Beyond the base hapic client, the project ships a family of service clients under the @hapic/* scope. Each one extends the same base Client with a typed, domain-oriented API for a specific backend — so they share the transport, hooks, authorization helpers, and instance registry you already know.

The family

PackageForHighlights
@hapic/harborHarbor container registryprojects, repositories, artifacts, robot accounts, webhooks
@hapic/oauth2OAuth2 / OpenID Connectevery token grant, introspection, userinfo, OpenID discovery
@hapic/vaultHashiCorp Vaultkey-value v1 & v2 secret engines, mount management
@hapic/lokiGrafana Lokipush streams, LogQL instant & range queries, deletion requests
@hapic/victorialogsVictoriaLogsJSON-line ingestion, LogsQL queries

What they all share

Because every service client is a Client, the patterns are identical across the family:

  • Constructionnew <Service>Client(config) or the package's createClient(config).
  • Instance registry — each package exports its own createClient / useClient / setClient / hasClient / unsetClient / isClient.
  • Domain APIs — endpoints are grouped into *API objects exposed as properties (e.g. client.project, client.token, client.keyValueV2).
  • The base client underneath — set headers, register hooks, add transformers, and catch ClientError exactly as documented in the guide.
typescript
// the same mental model, whichever package you pick
import { createClient } from '@hapic/harbor';

const client = createClient({
    connectionString: 'admin:secret@https://registry.example.com/api/v2.0/',
});

// a base-client hook still works on a service client
client.on('responseError', (error) => { throw error; });

const projects = await client.project.getMany();

Configuration

Service clients take a ConfigInput (a partial Config).
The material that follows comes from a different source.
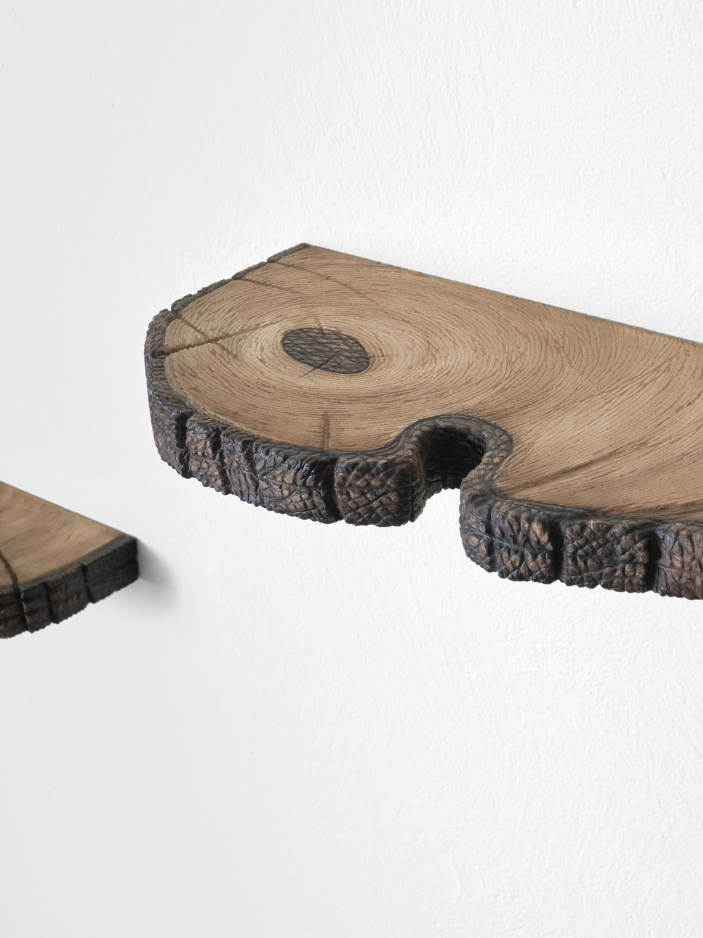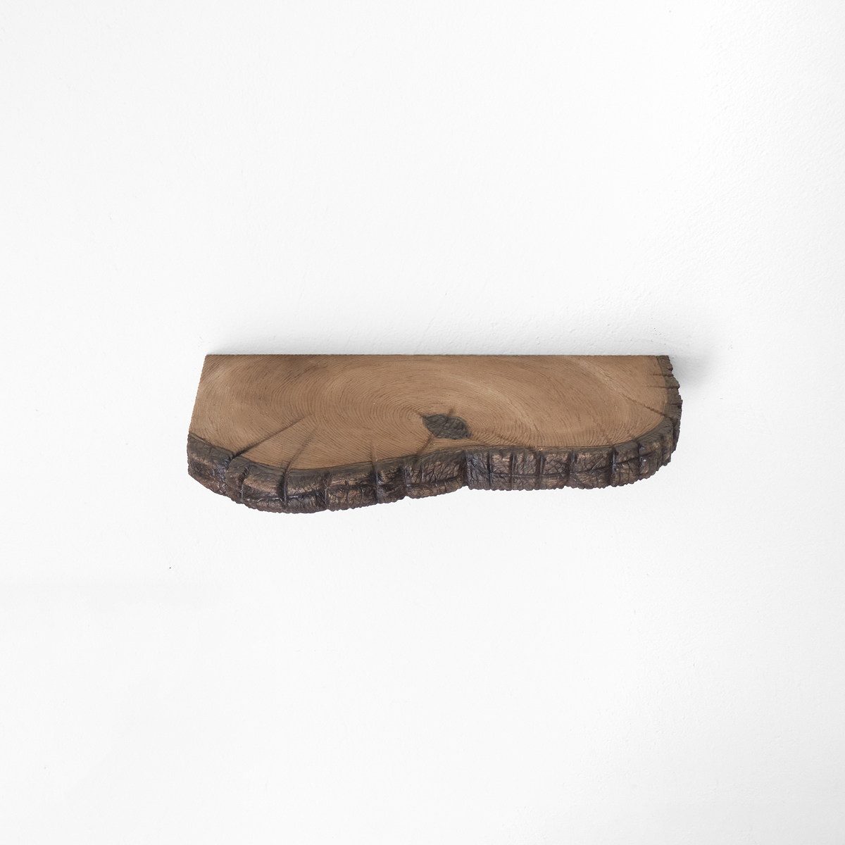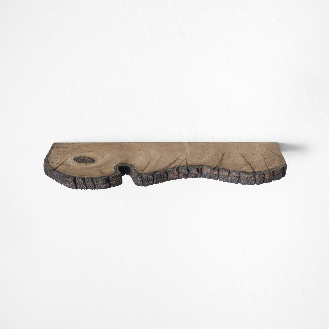 Mensola realizzata in marmo bianco di Carrara e dotata di sistema di fissaggio a parete a scomparsa. La lastra viene lavorata in modo da evocare la sezione di un tronco d’albero, con forma irregolare e naturale. La superficie lavorata mette in evidenza gli anelli di crescita, mentre i bordi, più scuri, richiamano la corteccia dell'albero.
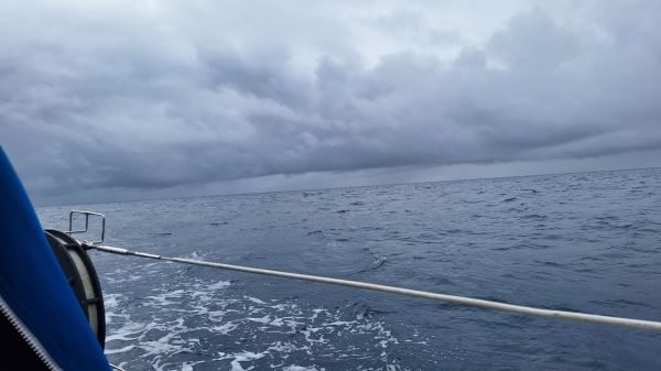 As night approached, clouds thickened and I worried for some time about visibility. We would also pass some oil fields in the middle of the night. But it turned out to be quite uneventful. Showers passed around us, but we always had one ore more rigs in sight and could maneuvre by them and the information the chartplotter gave us.

It threads base request options straight to the Client, and resolves connection details into a baseURL + auth header:

typescript
type Config = {
    request: RequestBaseOptions;          // baseURL, headers, proxy, transformers…
    connectionString?: string;            // "user:password@host" (where supported)
    connectionOptions?: ConnectionOptions; // structured host/credentials
    options?: ServiceSpecificOptions;     // e.g. OAuth2 endpoints, Loki component URLs
};

The exact fields differ per service — each package page documents its own. Re-exported base types (Response, ClientError, RequestBaseOptions, the isClientError* guards) come straight from hapic, so you never duplicate them.

Building your own

Want a typed client for an API that isn't in the list? The Building a Service Client guide walks through the exact pattern these packages use.

Released under the MIT License.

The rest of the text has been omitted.